**What you should do:** Nothing in the data should change when you return it, but leave the pictures out.

**Records excerpted from a collection:**
##########
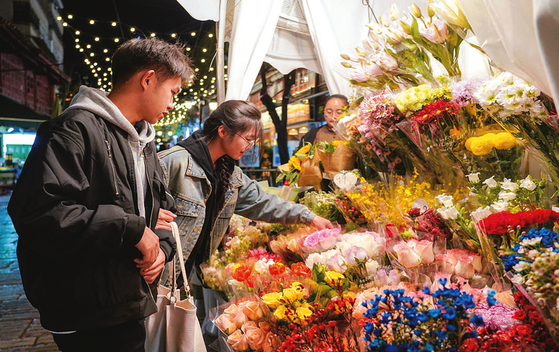 12月6日,游客在昆明市五华区景星街选购鲜花。近年来,昆明市不断丰富“夜经济”消费业态,打造特色夜市街区,开展多种夜间活动,丰富市民游客夜生活。 新华社记者 王静颐 摄
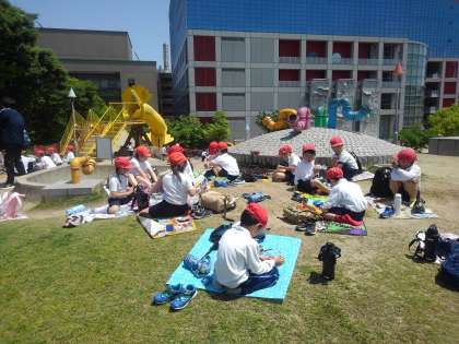 キッズプラザ館内を回った後、扇町公園の芝生でお弁当を食べました。
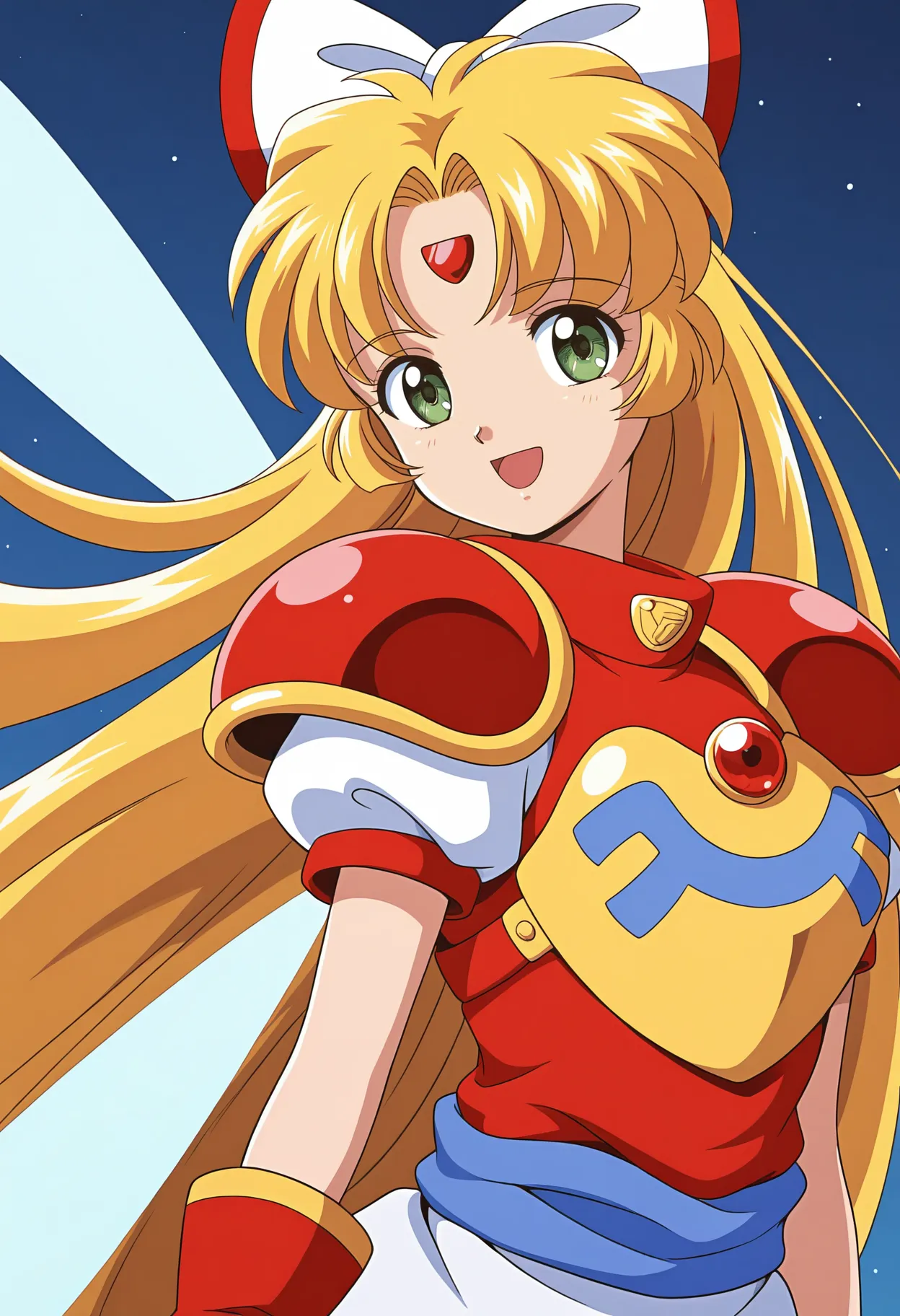 복장: 빨간 드레스, 어깨 갑옷, 파울드런, 짧은 소매, 빨간 장갑, 치마, 팬티스타킹, 허리 띠, 무릎 부츠, 빨간 신발
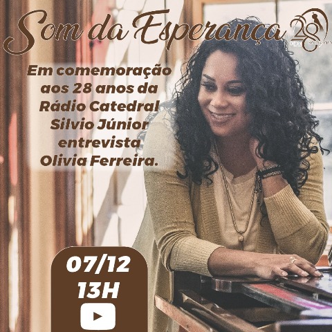 Não perca, nesta segunda-feira, 7 de dezembro, o locutor Silvio Junior irá fazer uma live com a cantora Olivia Ferreira, às 13h, no Som da Esperança. A live abre as comemorações dos 28 anos da Rádio Catedral. Você pode acompanhar pela Catedral-FM, 106,7 ou na nossa página no facebook.
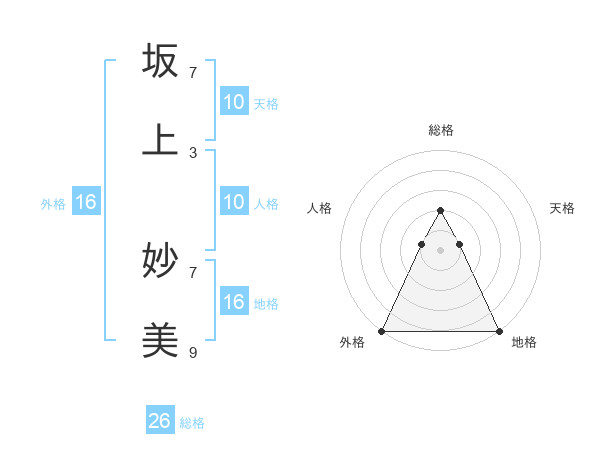 坂上 妙美さんを姓名の画数から五運を鑑定
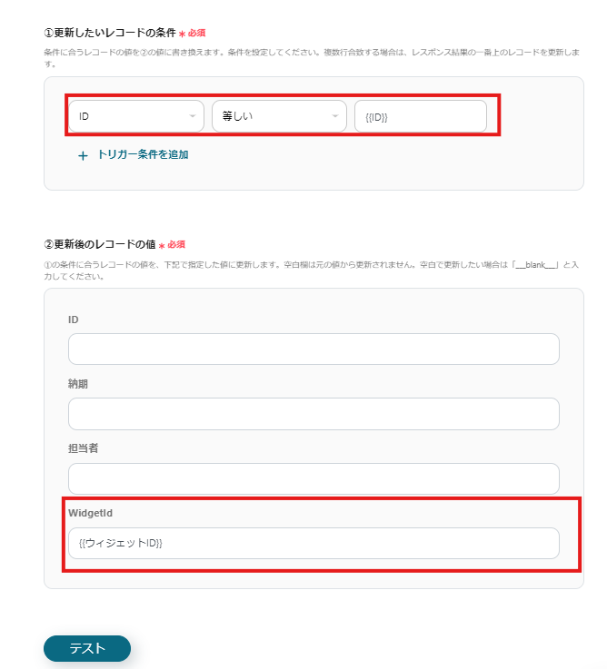 必要な欄の入力が完了したら「テストする」でエラーを確認しましょう。エラーが出ている場合は内容に沿って修正をします。
##########
**Exercise response:**
 12月6日,游客在昆明市五华区景星街选购鲜花。近年来,昆明市不断丰富“夜经济”消费业态,打造特色夜市街区,开展多种夜间活动,丰富市民游客夜生活。 新华社记者 王静颐 摄
 キッズプラザ館内を回った後、扇町公園の芝生でお弁当を食べました。
 복장: 빨간 드레스, 어깨 갑옷, 파울드런, 짧은 소매, 빨간 장갑, 치마, 팬티스타킹, 허리 띠, 무릎 부츠, 빨간 신발
 Não perca, nesta segunda-feira, 7 de dezembro, o locutor Silvio Junior irá fazer uma live com a cantora Olivia Ferreira, às 13h, no Som da Esperança. A live abre as comemorações dos 28 anos da Rádio Catedral. Você pode acompanhar pela Catedral-FM, 106,7 ou na nossa página no facebook.
 坂上 妙美さんを姓名の画数から五運を鑑定
 必要な欄の入力が完了したら「テストする」でエラーを確認しましょう。エラーが出ている場合は内容に沿って修正をします。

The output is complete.